TheBoy (some days it seems he’s really not such a LittleGuy anymore) has been sleeping well and solidly lately. He’s growing. But it means that he doesn’t have much time to play games with us on weekday evenings or mornings. This morning when I went in to get him up for school he asked me to wake him up at 5:47 tomorrow. I said, “Why?” He said, “So that we have extra time to play games.” Fortunately, he’s also really tickled to be growing so big and strong, so I reminded him that sleep helps him grow. So he agreed that maybe the games could wait until Saturday.

For months now he’s been doing very well at clearing his own dishes from the table after a meal. Today I ran the experiment of having him set the table for the three of us for dinner. Kinda’ worked. Hurrah! Child labor.

He is very pleased that he won trophies at his tae kwon do tournament. I put them on top of his desk.  But he’s very insistent that they be displayed elsewhere in the house. Specifically near the tv (which is in the basement). I don’t know why. But I told him we could consider moving them on the weekend. (He doesn’t spend any time in the basement on weekdays.)

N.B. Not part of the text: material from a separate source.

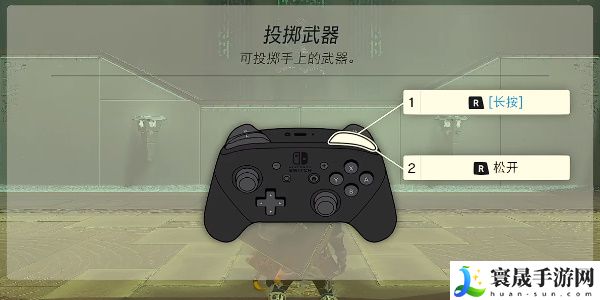 2、根据游戏提示,我们只需要装备可投掷的武器后,长按【R】键,瞄准后松开就能完成投掷。

Tonight he asked us how much a Christmas tree costs (we don’t have one up yet). Specifically, if it costs more than $5, which is what he has in his wallet right now. I said, “Oh, the one we get will probably cost around 60 dollars.” He said: “60 with ones on them?” I said “Yeah, or 3 twenties.”  But, while we thanked him for the thought, we reassured him that he doesn’t have to buy the Christmas tree with his money.  (He has similarly offered to pay for milk.)